EXERCISE BRIEF =
Find the line containing "Vue panoramique : quartier", then print it and each following line through the end of the records, exactly and with nothing added; leave out any pictures.

DATA TO EXAMINE =
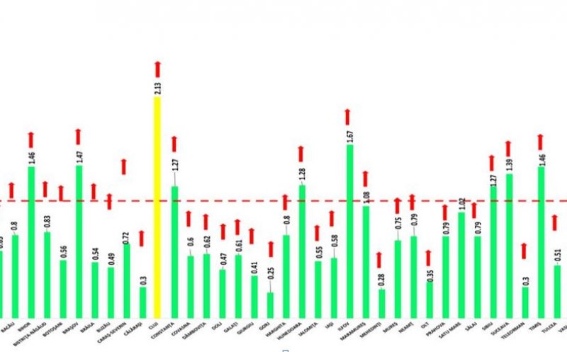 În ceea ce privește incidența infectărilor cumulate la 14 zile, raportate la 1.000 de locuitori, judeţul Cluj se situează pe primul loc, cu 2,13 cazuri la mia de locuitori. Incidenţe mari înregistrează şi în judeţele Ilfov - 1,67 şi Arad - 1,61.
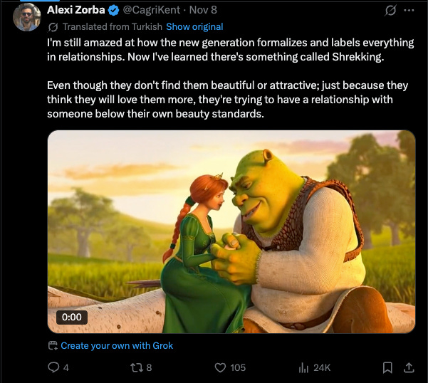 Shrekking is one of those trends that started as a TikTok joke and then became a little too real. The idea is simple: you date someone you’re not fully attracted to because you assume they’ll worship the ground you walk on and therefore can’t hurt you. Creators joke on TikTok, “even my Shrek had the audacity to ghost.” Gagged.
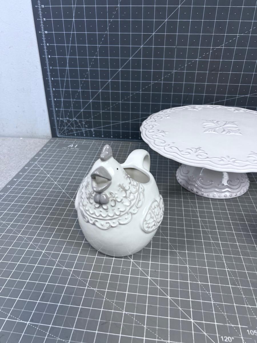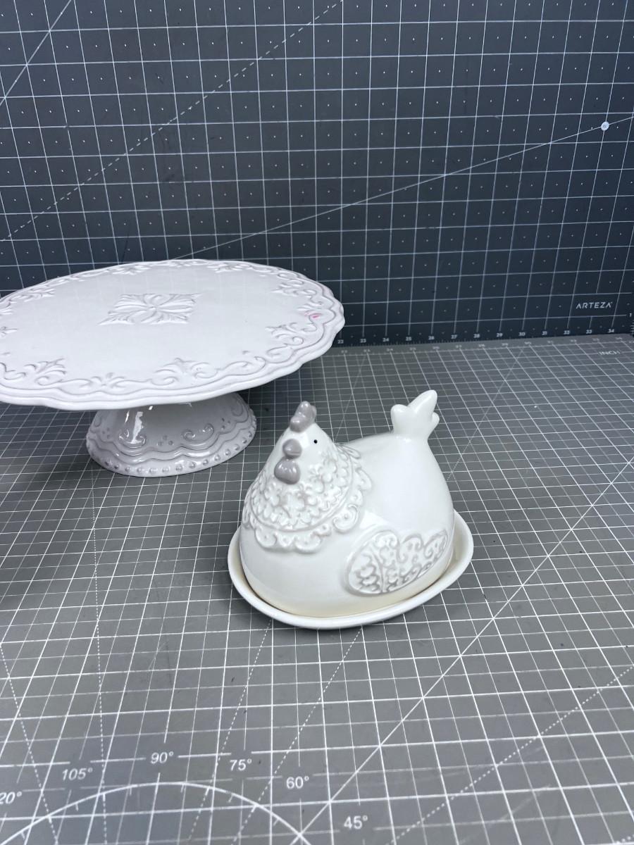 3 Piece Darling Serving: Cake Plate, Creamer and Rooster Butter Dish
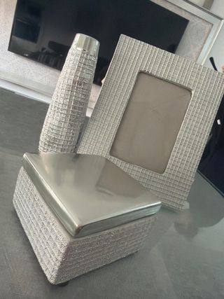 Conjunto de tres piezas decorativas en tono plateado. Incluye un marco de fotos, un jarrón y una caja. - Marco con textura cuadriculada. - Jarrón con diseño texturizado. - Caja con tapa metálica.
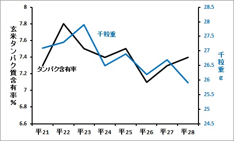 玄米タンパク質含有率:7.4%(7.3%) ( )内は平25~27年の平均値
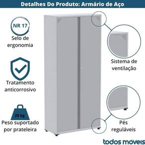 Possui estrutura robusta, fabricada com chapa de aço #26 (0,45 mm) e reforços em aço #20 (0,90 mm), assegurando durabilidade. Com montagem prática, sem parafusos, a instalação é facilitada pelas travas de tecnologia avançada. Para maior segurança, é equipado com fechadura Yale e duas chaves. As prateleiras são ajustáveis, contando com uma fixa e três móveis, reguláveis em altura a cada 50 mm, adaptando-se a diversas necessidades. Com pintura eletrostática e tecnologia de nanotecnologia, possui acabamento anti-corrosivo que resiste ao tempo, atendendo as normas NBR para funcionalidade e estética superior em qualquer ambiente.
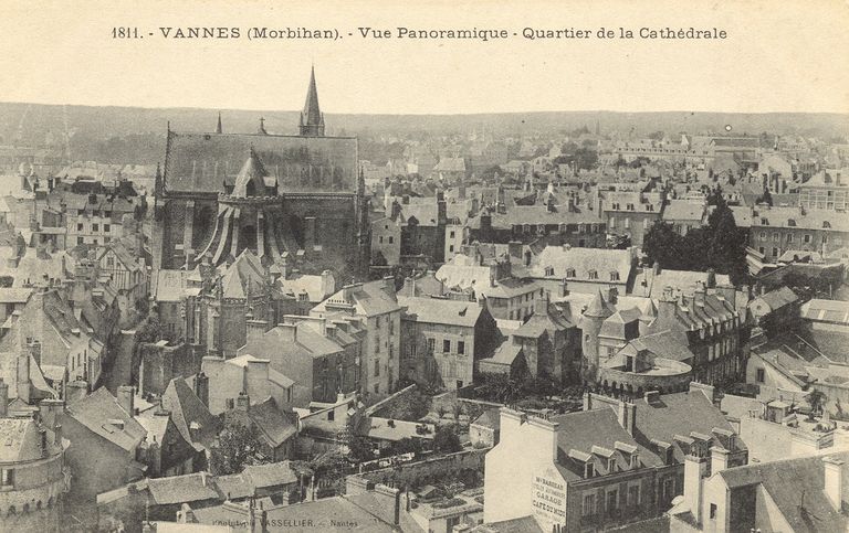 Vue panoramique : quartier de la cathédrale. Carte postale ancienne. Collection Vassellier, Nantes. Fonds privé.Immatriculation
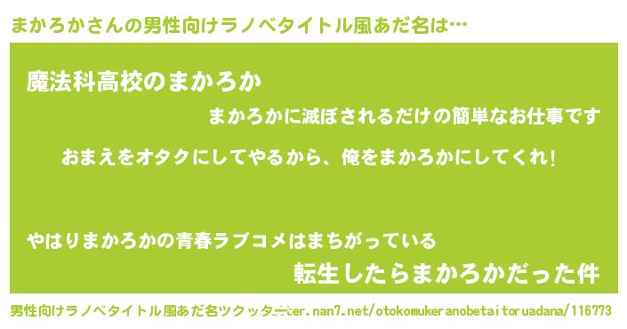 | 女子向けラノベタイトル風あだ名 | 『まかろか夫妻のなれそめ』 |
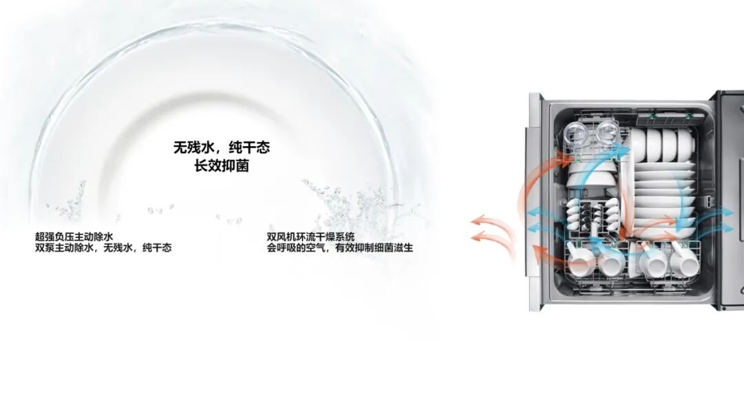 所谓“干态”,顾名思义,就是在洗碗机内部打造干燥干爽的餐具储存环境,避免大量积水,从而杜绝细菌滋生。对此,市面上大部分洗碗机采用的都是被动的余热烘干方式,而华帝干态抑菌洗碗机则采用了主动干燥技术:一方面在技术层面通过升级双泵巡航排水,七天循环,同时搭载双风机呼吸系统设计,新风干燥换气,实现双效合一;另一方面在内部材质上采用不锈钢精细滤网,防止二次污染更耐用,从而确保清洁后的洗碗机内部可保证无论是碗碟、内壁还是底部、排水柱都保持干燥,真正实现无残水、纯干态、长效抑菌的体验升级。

EXERCISE ANSWER =
 Vue panoramique : quartier de la cathédrale. Carte postale ancienne. Collection Vassellier, Nantes. Fonds privé.Immatriculation
 | 女子向けラノベタイトル風あだ名 | 『まかろか夫妻のなれそめ』 |
 所谓“干态”,顾名思义,就是在洗碗机内部打造干燥干爽的餐具储存环境,避免大量积水,从而杜绝细菌滋生。对此,市面上大部分洗碗机采用的都是被动的余热烘干方式,而华帝干态抑菌洗碗机则采用了主动干燥技术:一方面在技术层面通过升级双泵巡航排水,七天循环,同时搭载双风机呼吸系统设计,新风干燥换气,实现双效合一;另一方面在内部材质上采用不锈钢精细滤网,防止二次污染更耐用,从而确保清洁后的洗碗机内部可保证无论是碗碟、内壁还是底部、排水柱都保持干燥,真正实现无残水、纯干态、长效抑菌的体验升级。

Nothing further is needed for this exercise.